What a disappointment! How sad!

A bummer, as in "that's a bummer", means a frustrating experience, something disappointing happening, especially when you have not expected it coming.

Here's a real bummer – Yao Ming will not play another game for the rest of the season because of a stress fracture in his left foot.

At any rate, that's a major bummer for me, a Yao fan. I was on my way to have dinner with a few friends on Wednesday when one of them asked me to pick a restaurant. "Any will do," I blurted. "Yao Ming's injured again and I don't have an appetite."

One friend, who plays basketball also, murmured: "I understand." His wife, though, was less sympathetic. "Ah well," she said, "just another fanatic!" Apparently, she thought it was a poor joke – how could Yao's injury, or healthy, affect our dinner?

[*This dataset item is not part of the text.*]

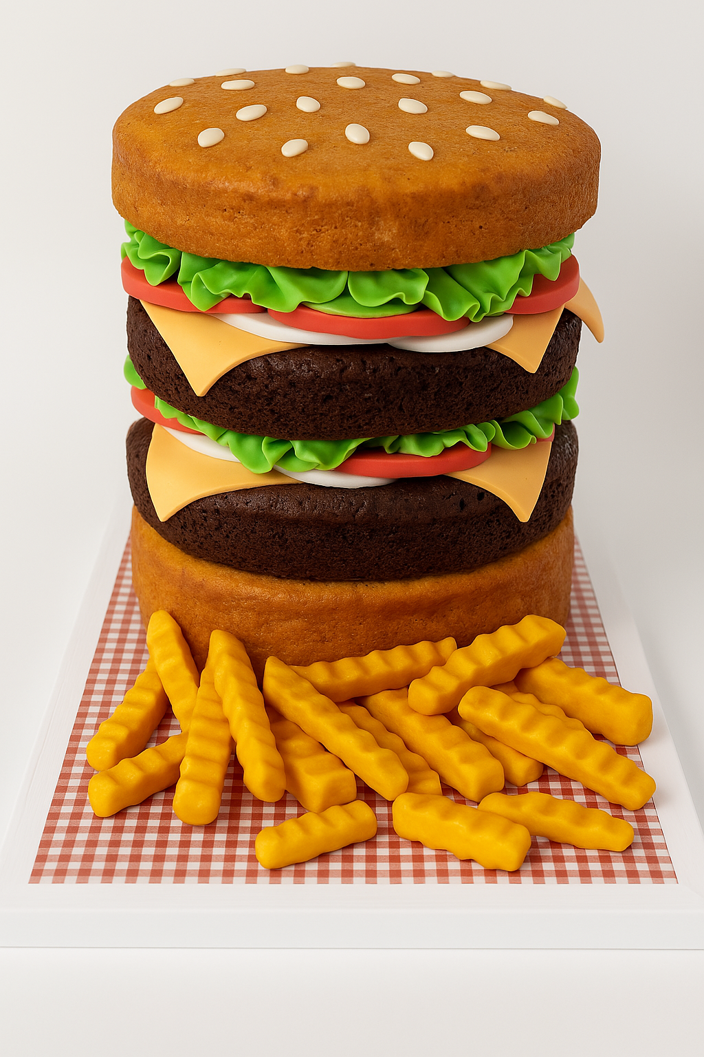 A towering burger cake served with a side of realistic crinkle-cut fries, the ultimate treat for fast food fans! Allergen Info: Contains allergens and may have traces of others due to cross-contamination. We do not accept allergy-specific orders. Not suitable for allergy sufferers. Please speak to staff for full details. Note: Larger cakes may have extra tiers. Design and colour may vary moderately from images.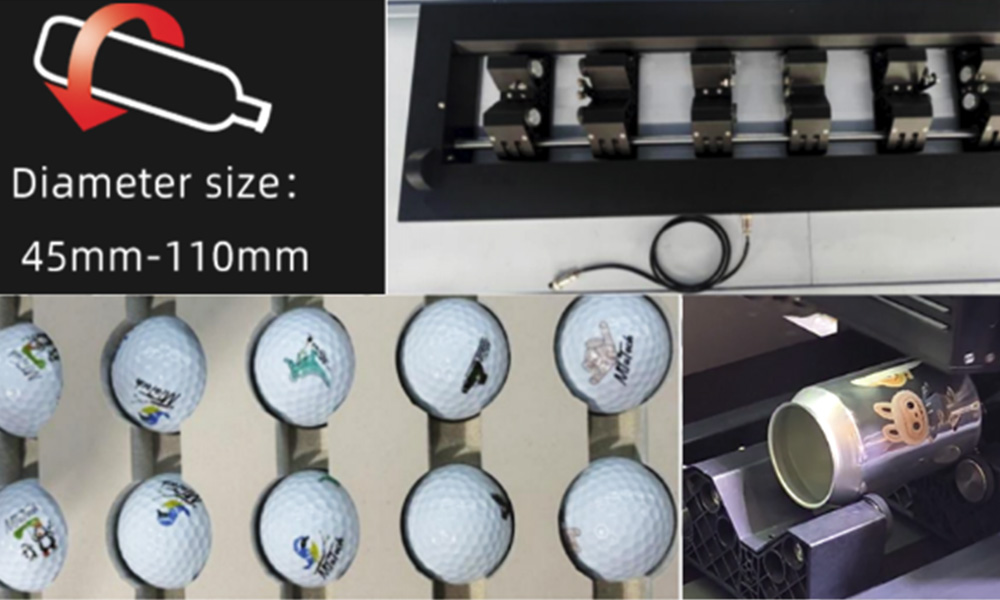 9060UF Series Model 9060UF 9060UF PRO Number of printhead 3 3 Print colors of Numbers 4 8 Ink Colors CMYK+Wh+Va CMYKLcLmLkOr+Wh+Va Printing area 9000X600mm Max Media Height 180mm Cylinder Diameter 110mm UV Curing System LED Lifting Functionality Auto platform adsorption Vacuum Print Resolution 720/1200/1800/2400 Power Voltage 110/220V System of Control Win/10/Win11 RIP Software Flexi or ONYX Printing Environment Temperature 20-28 Graphic Format Humidity 40%--60% Printer dimension(LxWxH) 2000x1350x1200 Net Weight 230KG option Rotary attachment -

It was no joke to me. I ate that dinner without relish. You see, the Rockets have just won 13 games in a row – the longest winning streak by any team in the NBA right now and the Rockets' longest winning streak since their championship years in the mid-1990s.

Then this!

Not that I mind that much about the Rockets winning a championship this year, although nobody would be more deserving than Yao if they did. You see, Yao is tall but never lets his height stop him from becoming better. The guy works hard and cares about his team. The Houston Chronicle calls him "a role model in every sense of the word". Upon hearing the injury, Tracy McGrady, the other superstar on the team, wrote Yao a poem titled Broken Wall...

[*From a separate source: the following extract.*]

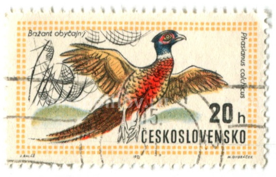 Марка «Фазан обыкновенный» 1971 год Чехословакия
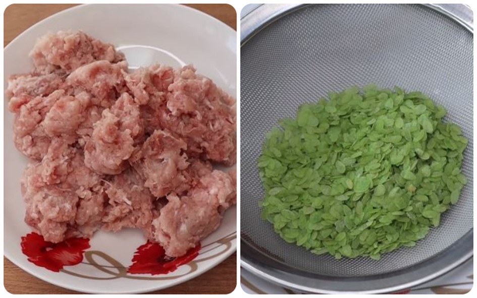 Thịt nạc vai xay nhuyễn, cốm đem rửa sạch để ráo.

I ask you to pull a chair, Wall

Stretch and lighten

and peel away your frustration

Create a window

and walk thru to me

They tell me, Wall

that the rings have blinded you

That a red ring chokes you

while the black ring consumes your soul

They tell me, Wall

that the torch weighs heavy

upon your mighty frame

That your corners ache

not the trembling floor

All they want to demolish us, Wall

I see it, feel it

They take Great pleasure in

cracking our foundation

But one nail can.t break us, Wall

One chip can.t stop 'chips

We will build you again, Wall

Stronger

But until then I shall hold you

Us

Yes, yes

stress THIS

We will rise again, Wall

Oh, indeed, what a bummer, for me, other Yao fans, his teammates, Rockets fans, the Rockets organization and ultimately Yao himself even though Yao has been putting himself last here, which only makes his injury more difficult to take. Upon hearing the injury, which came totally out of the blue for everyone, the first thing that came to Yao's mind was his teammates and his country – he doesn't want to miss the Olympics.

"I'm sorry," Yao kept saying. "I'm so sorry. I'm sorry to the franchise. I'm sorry to the city. I'm sorry to (Rockets owner) Mr. (Leslie) Alexander. I'm so sorry."

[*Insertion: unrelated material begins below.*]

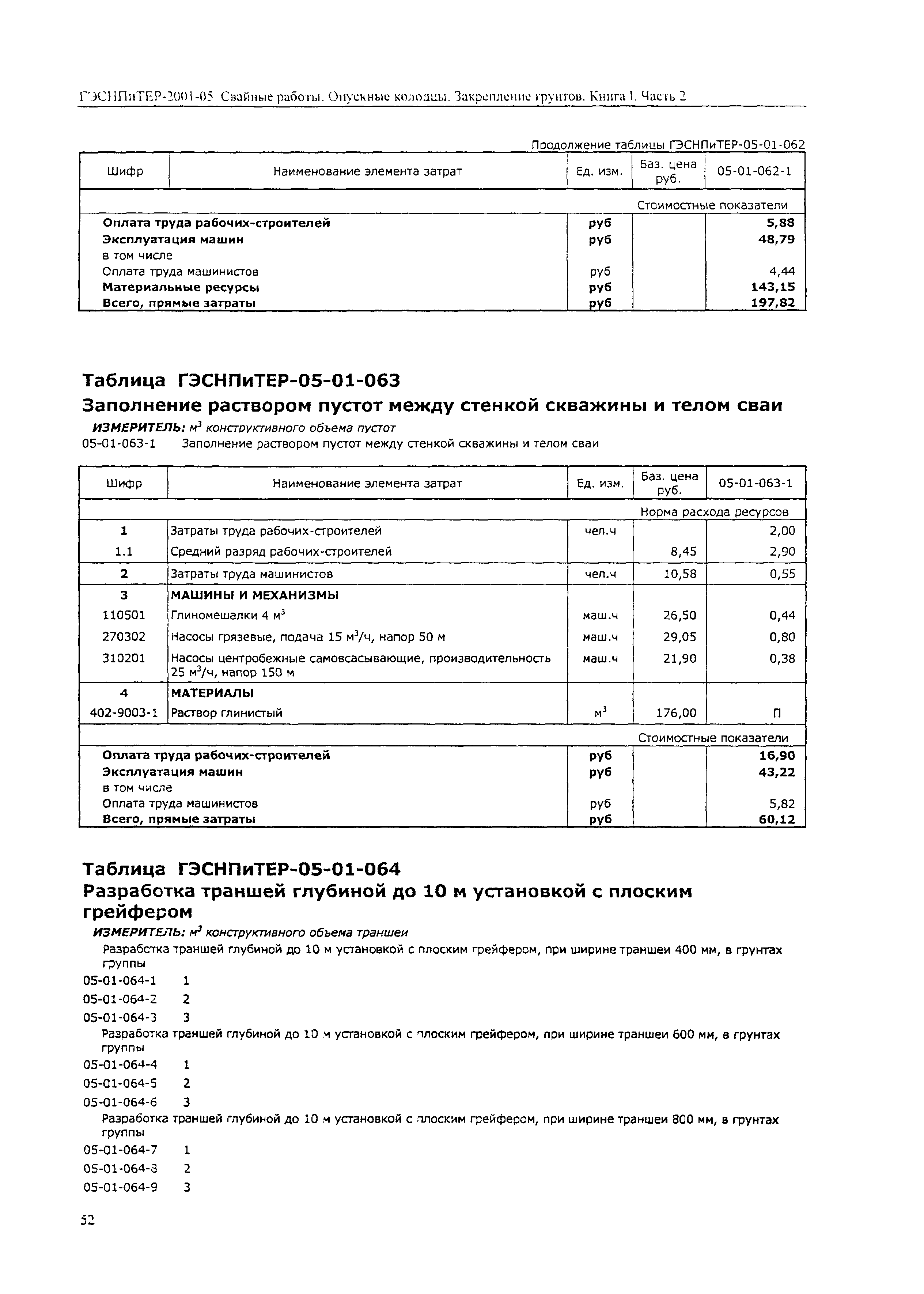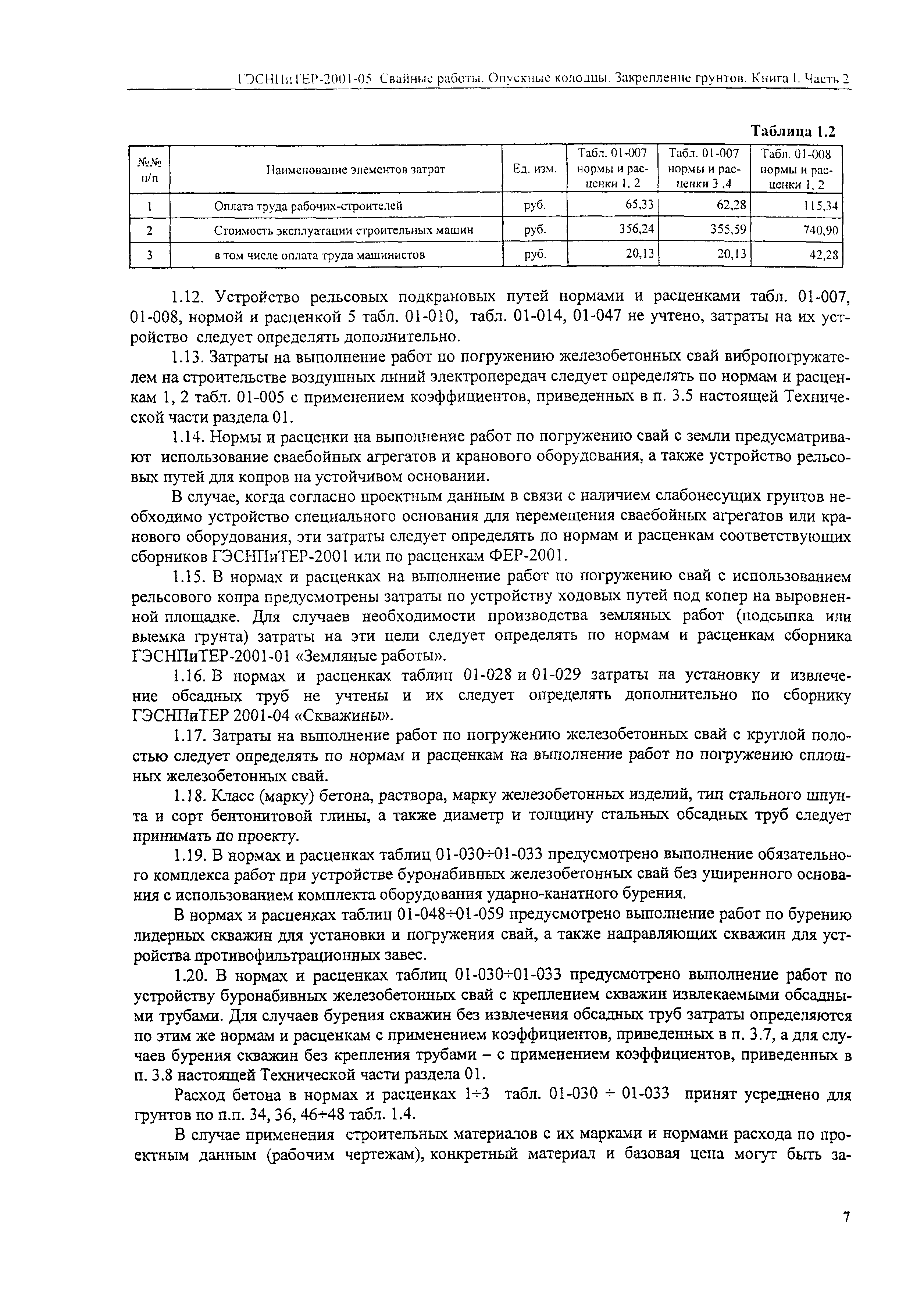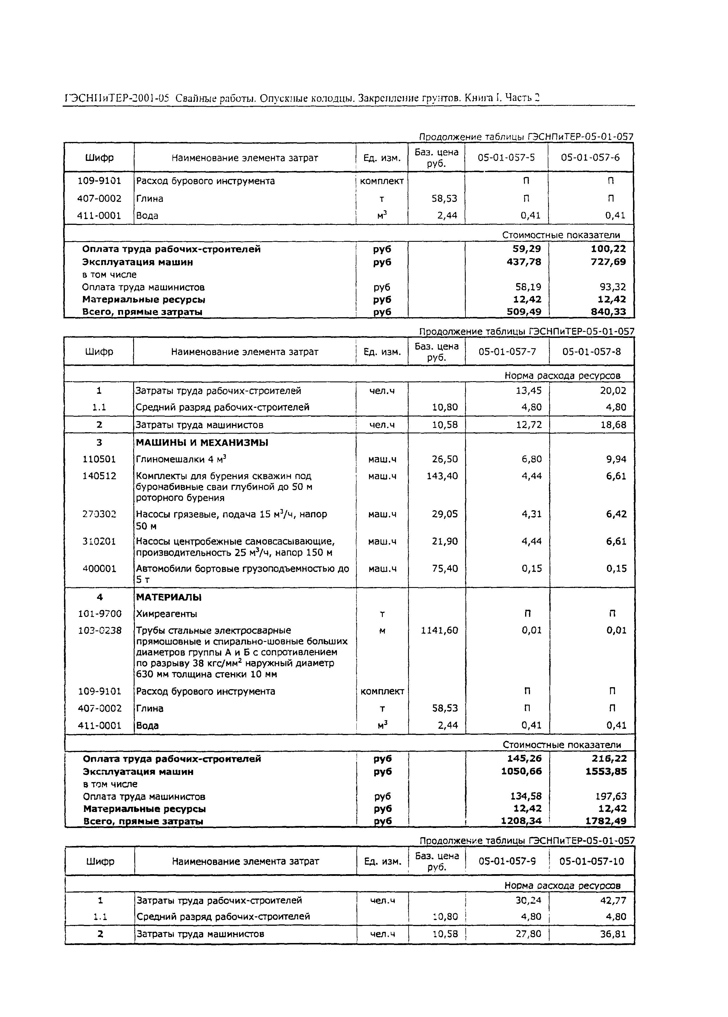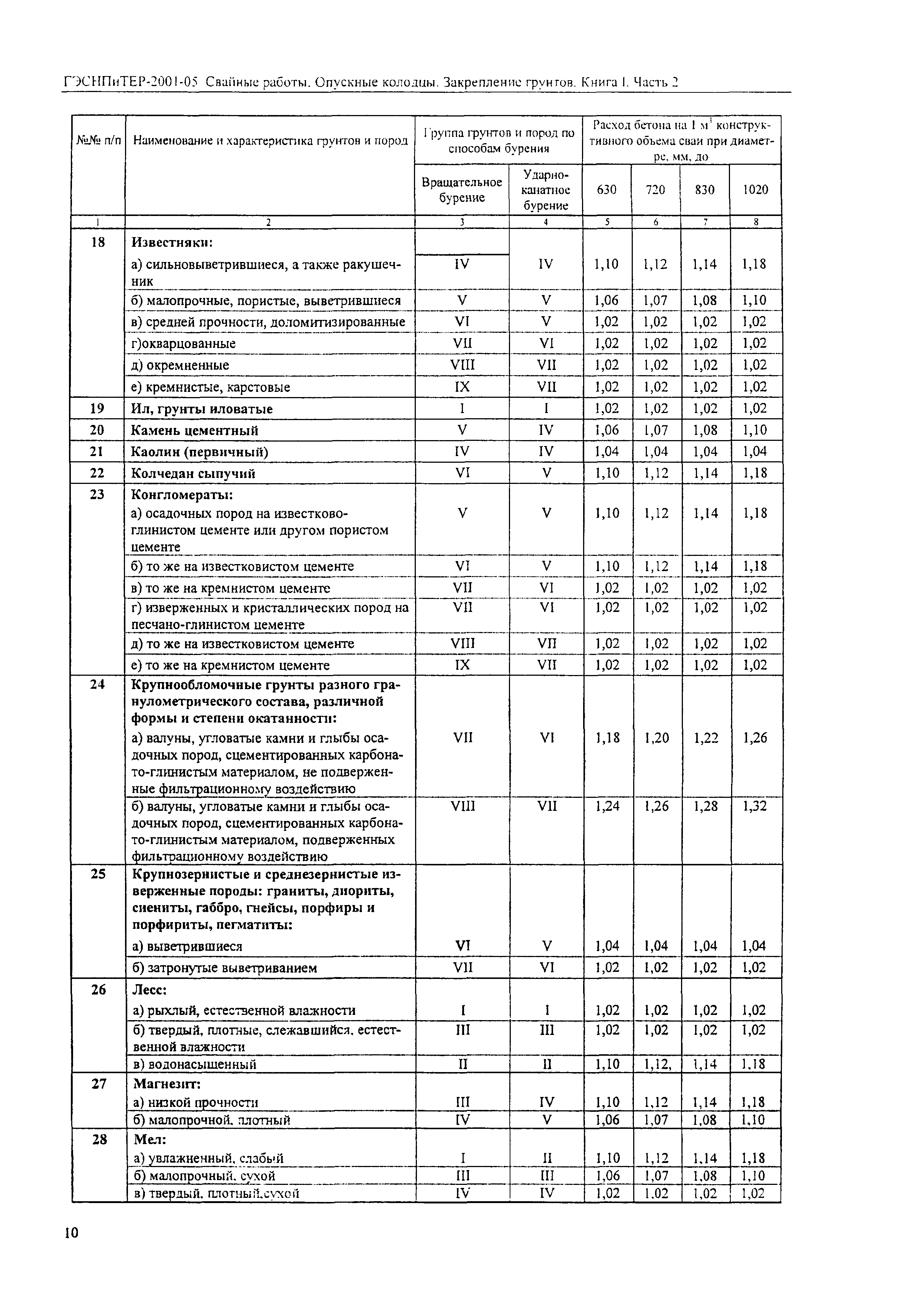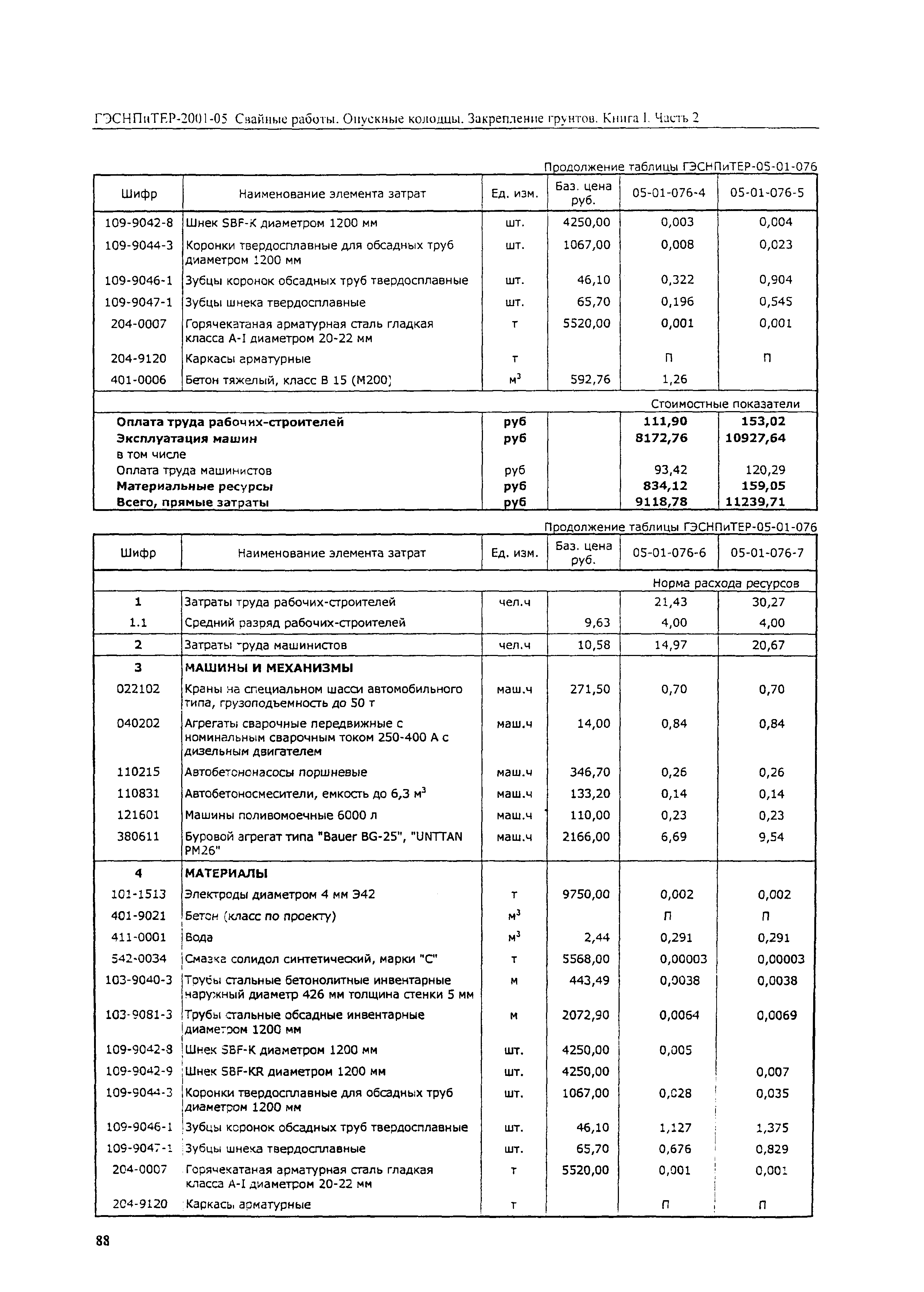 | Оглавление: | Техническая часть 1. Общие указания Раздел 01. Свайные работы Техническая часть 1. Общие указания 2. Правила исчисления объемов работ 3. Коэффициенты к нормам и расценкам Раздел 02. Опускные колодцы Техническая часть 1. Общие указания 2. Правила исчисления объемов работ 3. Коэффициенты к нормам и расценкам Раздел 03. Закрепление грунтов Техническая часть 1. Общие указания 2. Правила исчисления объемов работ 3. Коэффициенты к нормам и расценкам Продолжение раздела 01 - Свайные работы Таблица ГЭСНПиТЕР-05-01-052 Бурение скважин диаметром 250 мм вращательным (роторным) способом Таблица ГЭСНПиТЕР-05-01-053 Бурение скважин диаметром 300 мм вращательным (роторным) способом Таблица ГЭСНПиТЕР-05-01-054 Бурение скважин диаметром 350 мм вращательным (роторным) способом Таблица ГЭСНПиТЕР-05-01-055 Бурение скважин диаметром 450 мм вращательным (роторным) способом Таблица ГЭСНПиТЕР-05-01-056 Бурение скважин диаметром 500 мм вращательным (роторным) способом Таблица ГЭСНПиТЕР-05-01-057 Бурение скважин диаметром 600 мм вращательным (роторным) способом Таблица ГЭСНПиТЕР-05-01-058 Бурение скважин диаметром 700 мм вращательным (роторным) способом Таблица ГЭСНПиТЕР-05-01-059 Бурение скважин вращательным (ковшевым) способом Таблица ГЭСНПиТЕР-05-01-060 Бурение уширения основания скважины для буронабивных железобетонных свай Таблица ГЭСНПиТЕР-05-01-061 Установка в скважину арматурного каркаса Таблица ГЭСНПиТЕР-05-01-062 Бетонирование свай Таблица ГЭСНПиТЕР-05-01-063 Заполнение раствором пустот между стенкой скважины и телом сваи Таблица ГЭСНПиТЕР-05-01-064 Разработки траншей глубиной до 10 м и установкой с плоским грейфером Таблица ГЭСНПиТЕР-05-01-065 Разработка траншей глубиной до 15 м установкой с плоским Таблица ГЭСНПиТЕР-05-01-066 Разборка траншей глубиной до 7 м экскаватором "обратная лопата" Таблица ГЭСНПиТЕР-05-01-067 Устройство траншей под глинистым раствором шириной 0,5 м, глубиной 20 м широкозахватным грейфером на базе экскаватора Таблица ГЭСНПиТЕР-05-01-068 Устройство траншей под глинистым раствором шириной 0,5 м, глубиной до 50 м барражной машиной Таблица ГЭСНПиТЕР-05-01-069 Укладка в траншею противофильтрационных материалов Таблица ГЭСНПиТЕР-05-01-070 Устройство завес Таблица ГЭСНПиТЕР-05-01-071 Наращивание железобетонных свай и панелей Таблица ГЭСНПиТЕР-05-01-072 Установка и извлечение железобетонных ограничителей захваток Таблица ГЭСНПиТЕР-05-01-074 Устройство железобетонных буронабивных свай диаметром 800 мм глубиной до 30 метров агрегатами типа "Ваuеr ВG-25", "Junttаn РМ26" Таблица ГЭСНПиТЕР-05-01-075 Устройство железобетонных буронабивных свай диаметром 1000 мм глубиной до 30 метров агрегатами типа "Ваuеr ВG-25", "Junttаn РМ26" Таблица ГЭСНПиТЕР-05-01-076 Устройство железобетонных буронабивных свай диаметром 1200 мм глубиной до 30 метров агрегатами типа "Ваuеr ВG-25", "Junttаn РМ26" Таблица ГЭСНПиТЕР-05-01-077 Устройство железобетонных буронабивных свай диаметром 1500 мм глубиной до 30 метров агрегатами типа "Ваuеr ВG-25", "Junttаn РМ26" Таблица ГЭСНПиТЕР-05-01-078 Устройство железобетонных буронабивных свай диаметром 1700 мм глубиной до 30 метров агрегатами типа "Ваuеr ВG-25", "Junttаn РМ26" Таблица ГЭСНПиТЕР-05-01-095 Установка железобетонных свай в скважины Таблица ГЭСНПиТЕР-05-01-096 Установка деревометаллических и деревянных свай в готовые скважины Таблица ГЭСНПиТЕР-05-01-097 Погружение железобетонных и стальных свай с предварительным оттаиванием грунта паровыми иглами Таблиц

The guy's so tall and yet he is so touching.

He felt sorry for his teammates when he broke them the news, as though he had committed a flagrant foul.

Then he said he is most afraid to miss the upcoming Olympics in Beijing, calling that – should it happen – the greatest loss of his career.

As though getting injured were a flaw in his character.

Not that Yao is flawless – he does commercials for McDonald's and Coca Cola, but (then, who are we to nitpick? I myself drink the bubbly once in a while and I'm not totally immune to eating junk food either. Besides, if the money's too big to refuse for Yao, I'm sure it must be too big to refuse for anyone. So there) if that's his biggest flaw, then you can't help but love the guy even more.

Alright, let's quit Yao now – any more talk about his injury threatens to make me blurry-eyed.

And I shall quit this column here now also without giving more media examples on the term in question – oh (sigh), what a bummer – as I usually give. Today, no more examples are necessary.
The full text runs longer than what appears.